Try it: For the records below, copy exactly the span that begins at the line containing "The saddle bronc" and stops after the line containing "Introducing the Francesco", minus any pictures.

++++ Source information

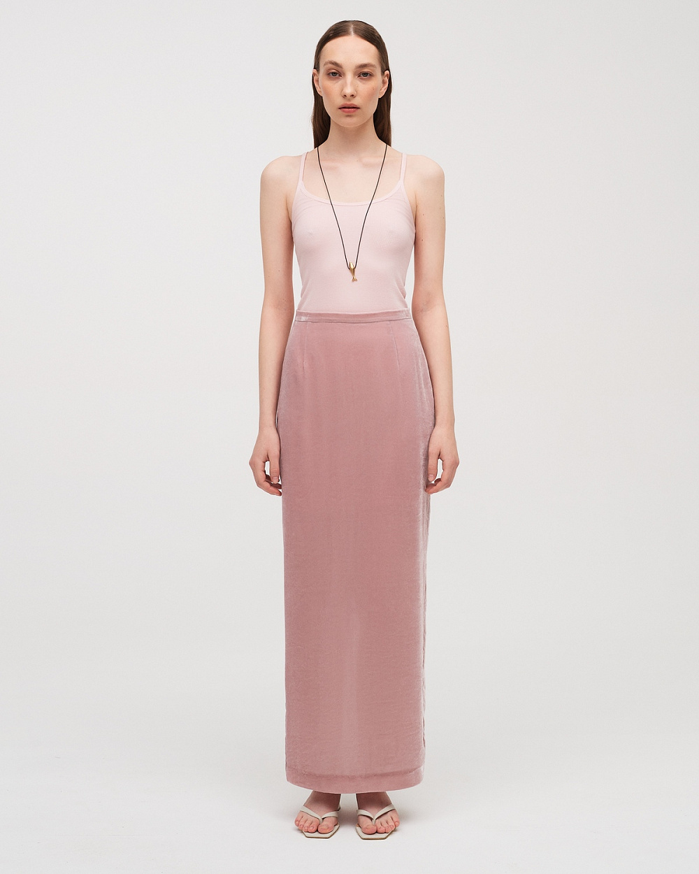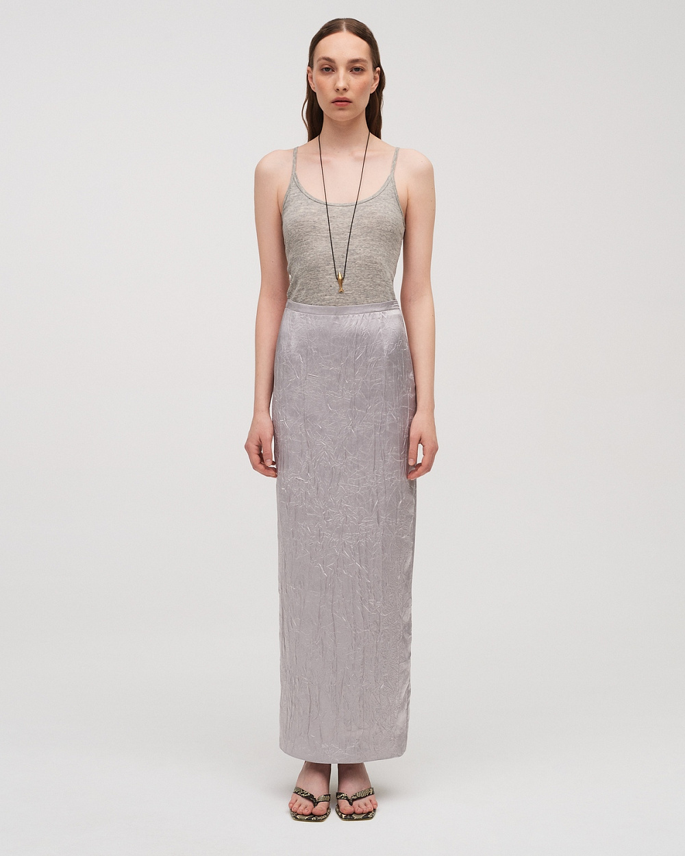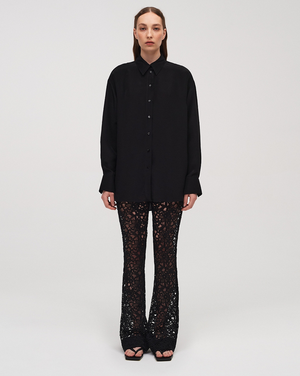 Напівпрозорі брюки з посадкою на стегнах втілені у французькому ажурному мереживі. Матеріали з мерехтливими паєтками, які бренд обрав для спідниць і сорочок, нагадують блиск риб’ячої луски чи крапель води на сонці. Речі з віскозного атласу з м’ятим ефектом задумані як ідеальні компаньйони для літнього темпу та подорожей, адже не потребують прасування. Образи доповнює легкий верхній одяг: сріблястий плащ, довгий чорний кейп та льняний крешований халат.
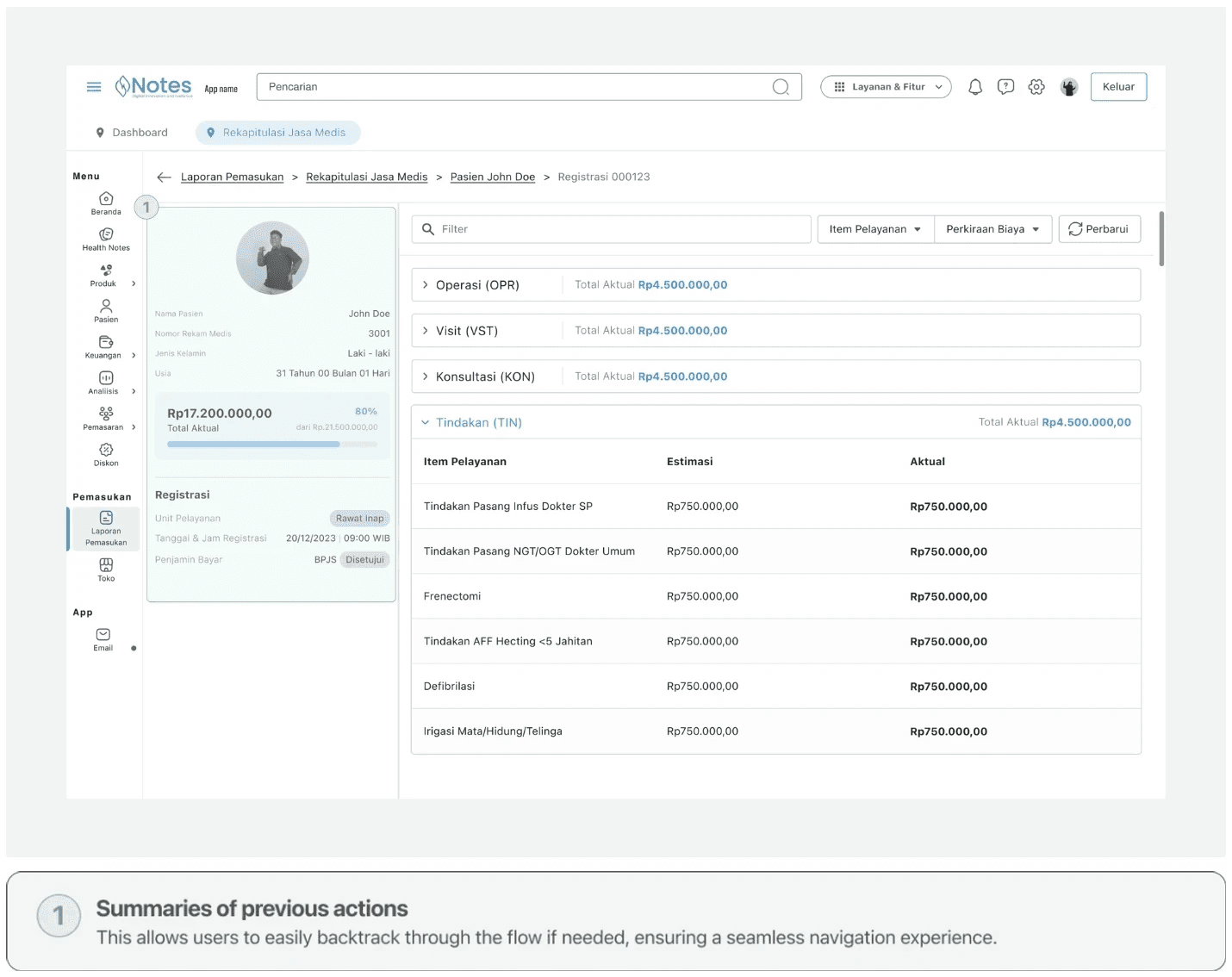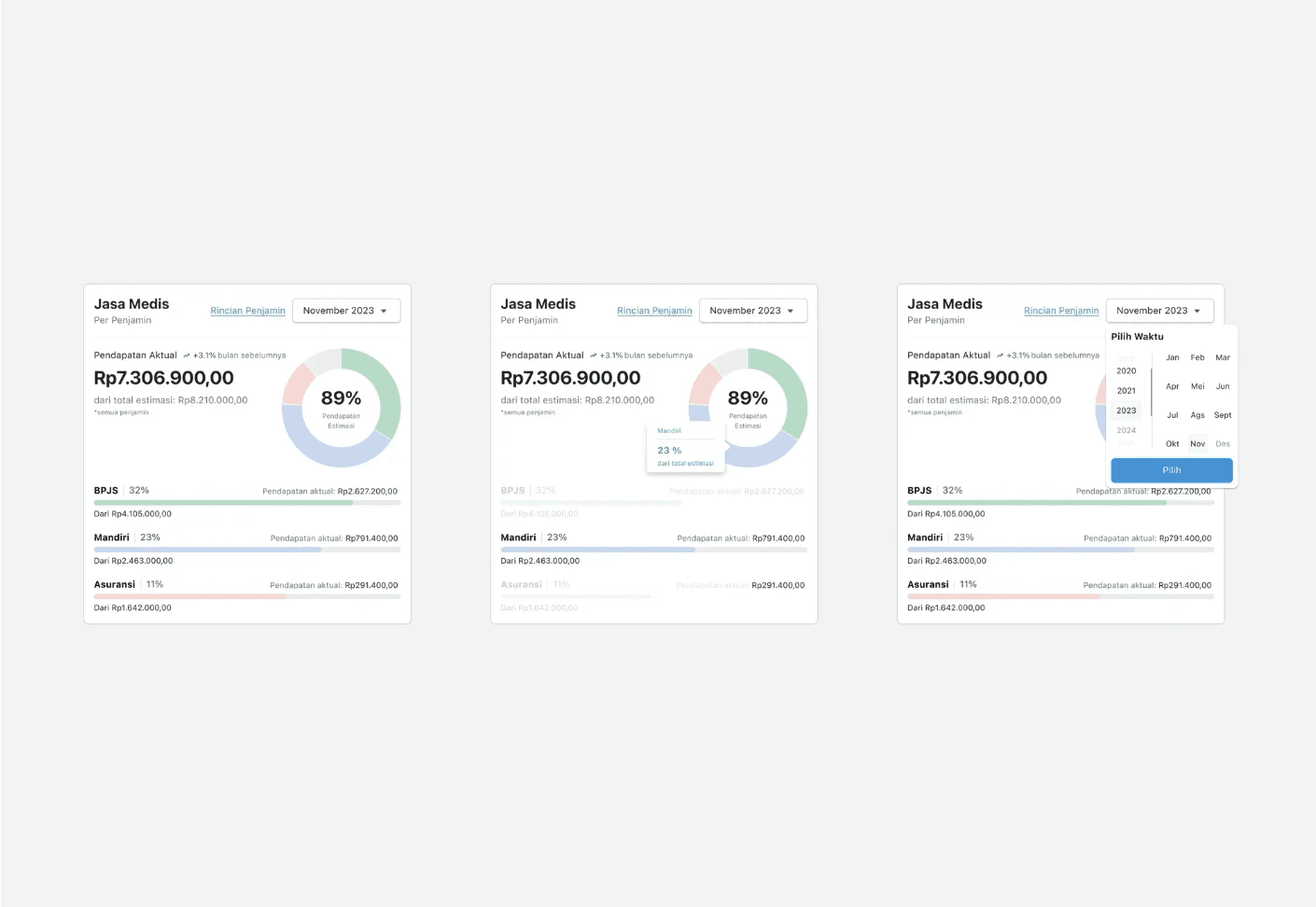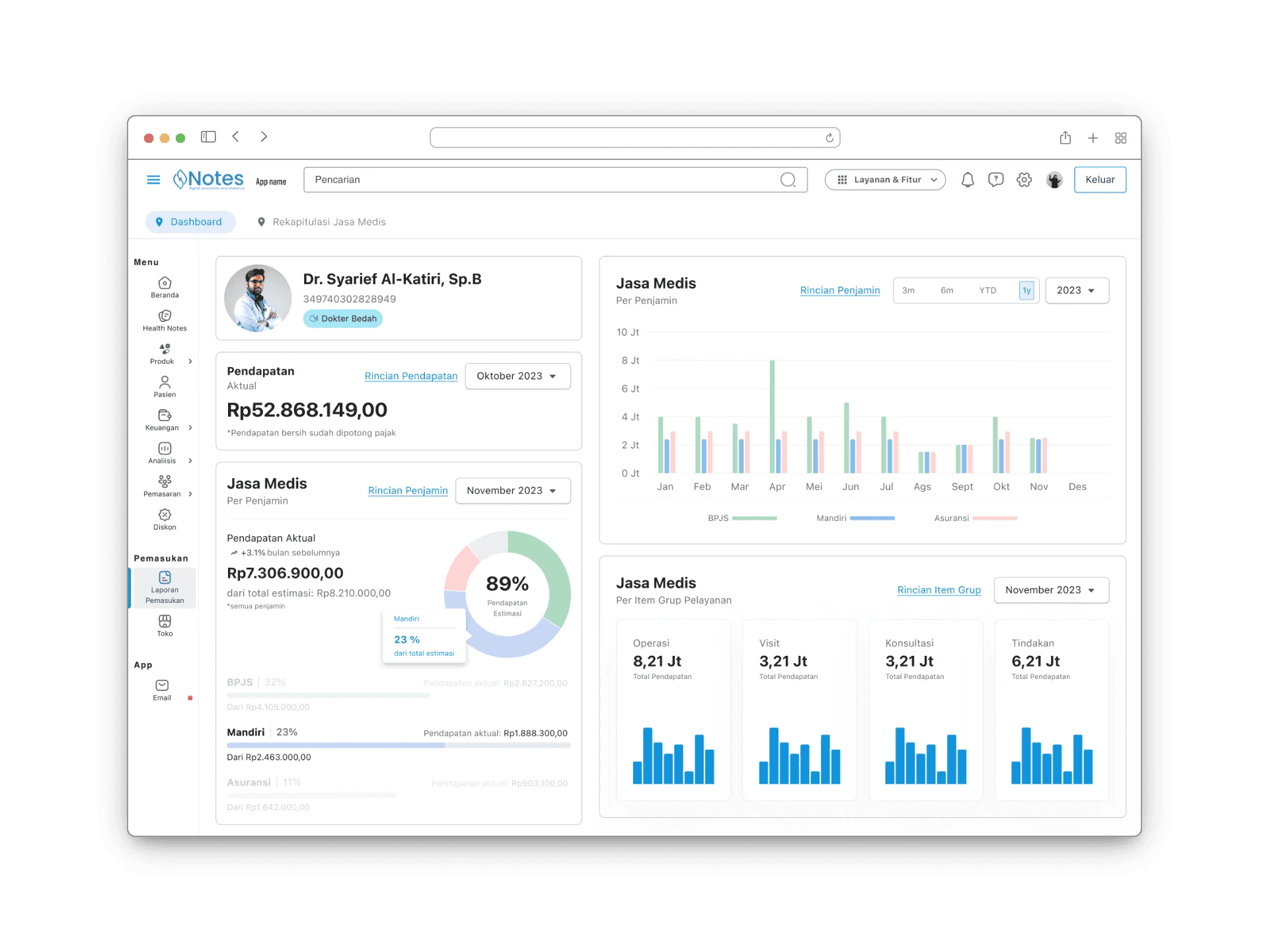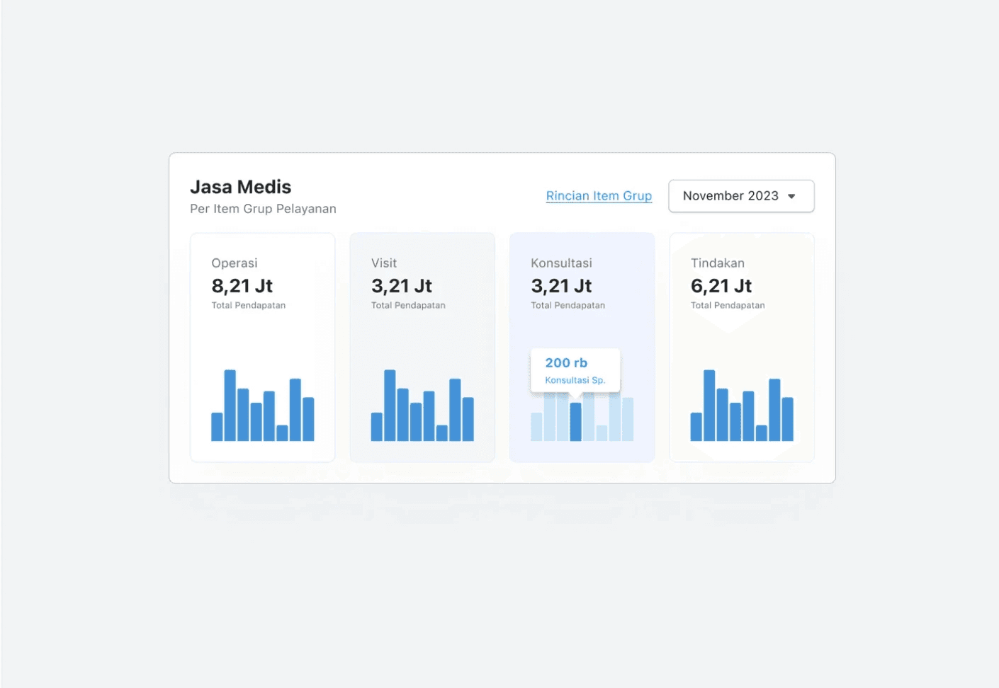 Doctors kept asking: "which consultation is contributing what?" So we built a detail page one tap from the dashboard that breaks income down by patient, consultation type, and service code. Toggle between macro view and patient-level in seconds.
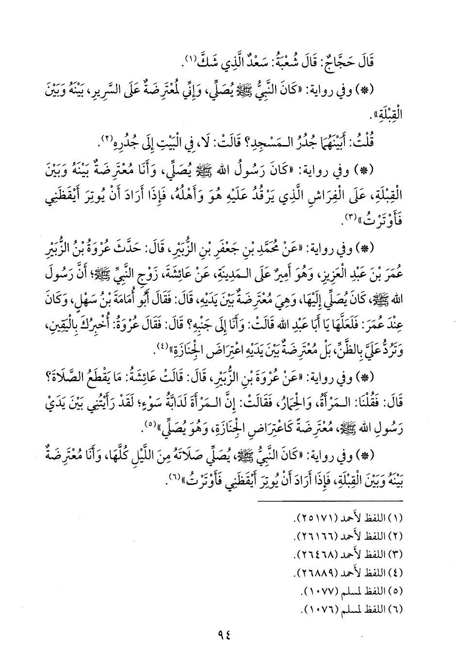 - وفي رواية: «كان رسول الله صَلى الله عَليه وسَلم يصلي، وأنا معترضة بينه وبين القبلة، كاعتراض الجِنازة، تحت قطيفتي» (¬٣).
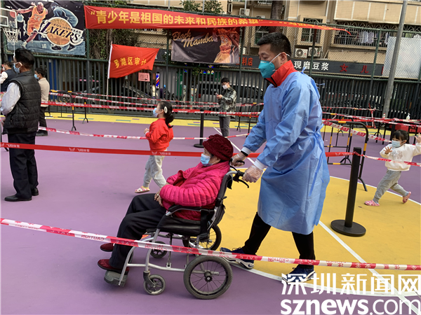 現(xiàn)場(chǎng)工作人員協(xié)助年長(zhǎng)者做核酸檢測(cè)。
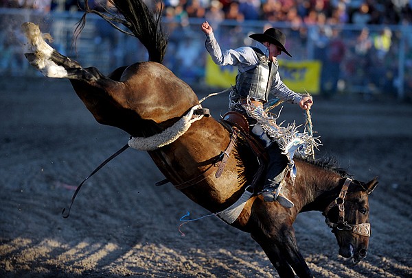 The saddle bronc competition was won by Great Falls’ Clay Gruel, who completed his ride on Next 2 U seconds after watching his brother Coulter fly off the saddle of Cover Story.
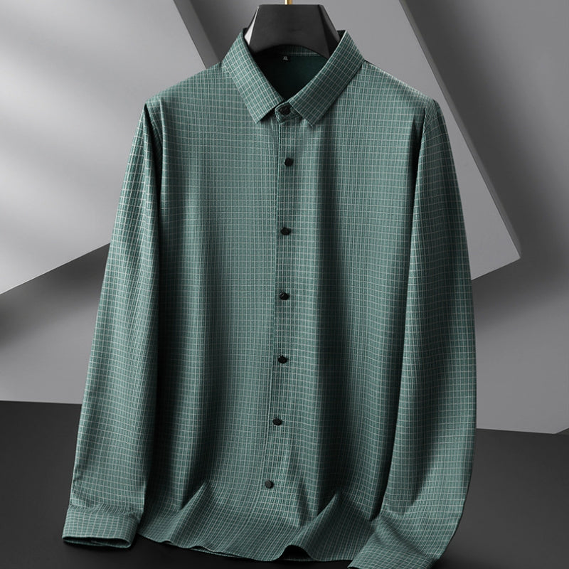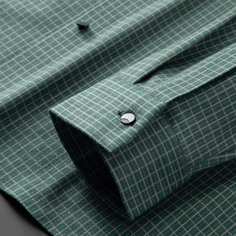 Introducing the Francesco Dante Classy Long Sleeve Shirt – a timeless and sophisticated garment featuring a captivating plaid pattern in shades of green and blue. This shirt is the epitome of classic style and modern elegance.
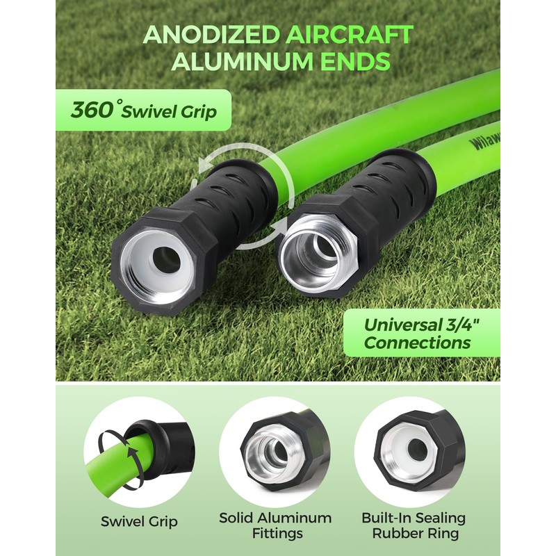 • 360° Swivel Grip: This flexible water hose features a 360° swivel handle that facilitates easy connection and removal from the faucet without having to twisting the entire hose. The even threads and built-in O-ring rubber seals ensure a tight connection and prevent water leakage
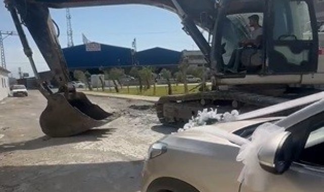 İş makinesiyle gelin arabasının önünü kesen operatör, bahşiş alınca yolu açtı
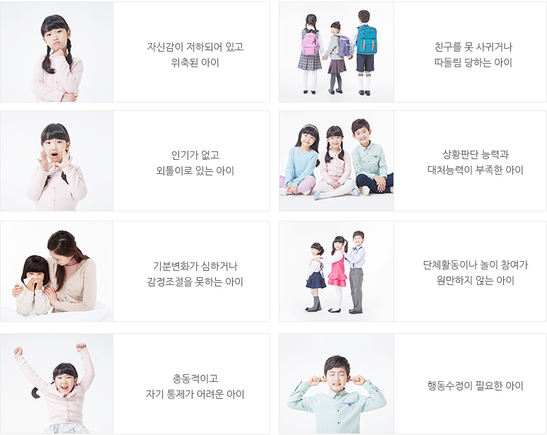 사회성 기술의 습득을 통하여 의사소통기술이나 자기표현방법, 또는 또래와 어울리기 및 학업기술 등을 향상시키도록 돕습니다.
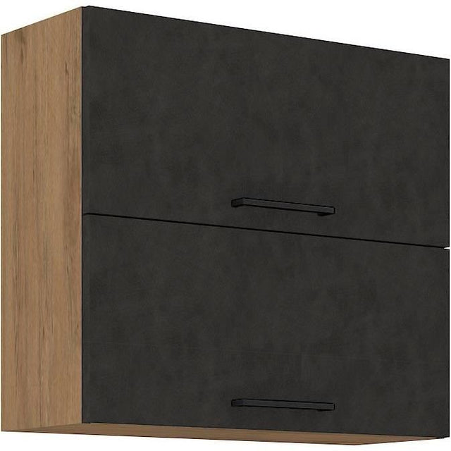Meuble haut ROCK de style classique et intemporel. Caissons et partie haute des faÁades en imitation bois chene Lancelot. Finition mate. 2 portes basculantes. Dimensions : L80 x PNaN x H72 cm.

++++++++

Final answer:
 The saddle bronc competition was won by Great Falls’ Clay Gruel, who completed his ride on Next 2 U seconds after watching his brother Coulter fly off the saddle of Cover Story.
 Introducing the Francesco Dante Classy Long Sleeve Shirt – a timeless and sophisticated garment featuring a captivating plaid pattern in shades of green and blue. This shirt is the epitome of classic style and modern elegance.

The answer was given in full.